Średnio mi się widzi tam miniaturyzacja, jakoś chyba pozostanę przy
kilkudziesięciokilowych lampach 🙂
Nie wróżę Ashdown owi sukcesu, każda ich próba miniaturyzacji kończyła
się klęską – najpierw świetny moim zdaniem, w pełni cyfrowy SuperFly,
później tani i trochę badziewny Little Giant…
Ja chętnie bym protestował wszystkie maleństwa i nawet w ostateczności
kupił najlepszego jakościowo. Nie chce mi się nosić ciężkich headów, ale
to tylko moje zdanie.
Wiadomo co lampa to lampa, lecz się starzeje chyba.

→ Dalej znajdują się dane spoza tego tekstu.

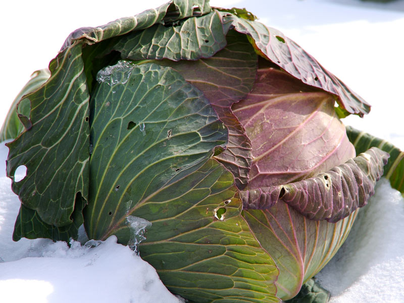 「冬のキャベツで紫色に変色した部分は、冬場の寒さでポリフェノールの一種、アントシアニンが生成された部分です。

Widzę ,że się Pani HaDath, bardzo pięknie rozpisała z tematami… ;P
little giant to był niewypal straszny, ale jakbym miał mieć coś co brzmi na
poziomie Ashdown a maga wielkosci sansampa za 1000zł to bym sobie chetnie
kupił…
Szkoda, że Superfly się nie przyjął. Nie był zupełnie „micro”, bo
zamknęli go w dość „długiej” obudowie, ale możliwości miał przeogromne.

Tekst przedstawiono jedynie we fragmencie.